Oh, and one other, crucial thing:
Take the price of your intended lathe and double that (at least) for the cost of all the various tooling that you *must* have to do any work. This is something that I was told repeatedly, and I poo-pooed it. "I just need to get the lathe first. Then I'll worry about tooling." Wrong! Without all the cutters and attachments, you have a large, messy, dangerous paperweight.
And a lathe can kill you or put you into the ER *very quickly if you do not practice good toolroom safety measures.
With that in mind, a cheap-ish, small-ish lathe can make adjustments to existing mouthpieces all day, if the swing is large enough for a tuba mouthpiece. Most of the Chinese lathes cannot handle something the size and shape of a tuba mouthpiece. Something like one of the old Sears-Craftsman/Atlas lathes can do this. A Southbend 9" Junior would be perfect, but they are pretty much made of unobtanium and super expensive. I have an East German laboratory lathe that is probably too small to make mouthpieces, and it weighs over a hundred pounds and takes up an entire table in my shop. An old 9" Southbend would probably weigh in at something like 450 to 500 pounds. Usually, you need a 220V line to run one. Mine was wired for the UD home market, so it uses 120V but lacks power because of this.
An old lathe can be a nightmare to locate parts for. Current production lathes that do not suck have plentiful, easy-to-purchase attachments, but they are also pretty costly.

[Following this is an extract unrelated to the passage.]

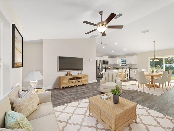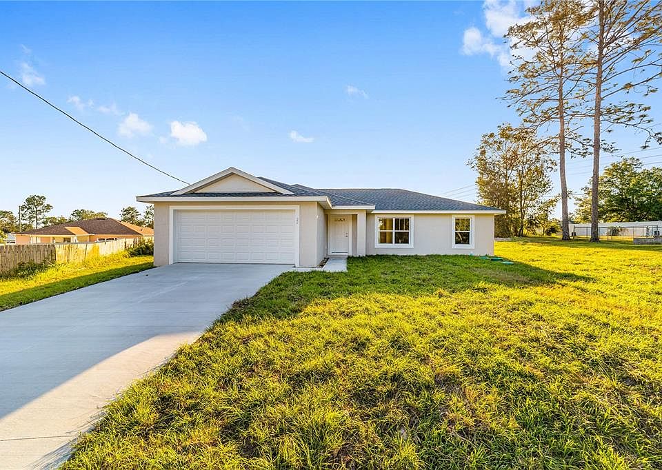 Home is complete! This gorgeous brand-new home located in SE Ocala is the ideal escape from the hustle and bustle of city life! With an open floor plan, pleasing neutral colors and vinyl plank flooring throughout, this 3-bedroom, 2-bathroom residence has all the charm and comfort any family could desire. Showcasing shaker style cabinets with granite counter tops in the kitchen, a washer/dryer hook up in the inside laundry for added convenience, plus a stainless-steel appliance package, this home is sure to impress. Covered back lanai. Enjoy your time in the neighborhood while nearby shopping, dining, medical centers and natural springs keep life exciting. Plus, its location near pristine rivers and springs allows for outdoor activities where adventure finds you! Photos of a model home not at this location. Color schemes may very.

If you were going to start from scratch, I would recommend a Precision-Matthews PM-1022V as an excellent home unit that is affordable (as far as machine tools go).
https://www.precisionmatthews.com/produ ... -pm-1030v/
I love the utility of my commie DDR lathe. It is rigid, accurate, and well-made despite its very small size (for a lathe). But it cost me a lot for something so old, and the attachments are very hard to find and very expensive.
I love my Unimat SL, too, but it is not a serious machine; but more of a super-well-made toy or for hobbyists who work on very small things, and where repeatability is not important.
Whatever you end up doing, I wish you the best of luck!
Wade
My DDR-made lathe…
PS — Modern, high-quality mini lathes are still way too small to turn the stock needed to make a tuba mouthpiece. I mean, you can do it, but you have to have a chuck large enough, and this probably will be next to impossible to find. And the modern mini lathes are just not rigid enough to do that sort of heavy cutting work. Sure, Taig and Sherline are both excellent, not at all like the cheap Sieg-made Chinese lathes. But they are not inexpensive, and the results from such lightweight machines will be something unusable and costly to make.
Small lathes are pretty dangerous when you overload them. Taig and Sherline are the best of the US-made mini lathes. Both are almost as accurate as my Präzi SD 300, and I would not trust my lathe to safely hang on to such a heavy chunk of metal at those speeds. I *would* trust that PM I linked to above. I have used one, and it is excellent, once you clean it up and do proper setup work to the bed and such. (It is not Chinese, but made in Taiwan, and of known good quality, but you still have to do a lot of work to get it ready to use. I think all lathes require a lot of cleaning and setup work to make them run accurately.
I am NOT discouraging you. I am ENCOURAGING you, but warning you of the level of commitment needed to do this work at even a very low level of experimentation.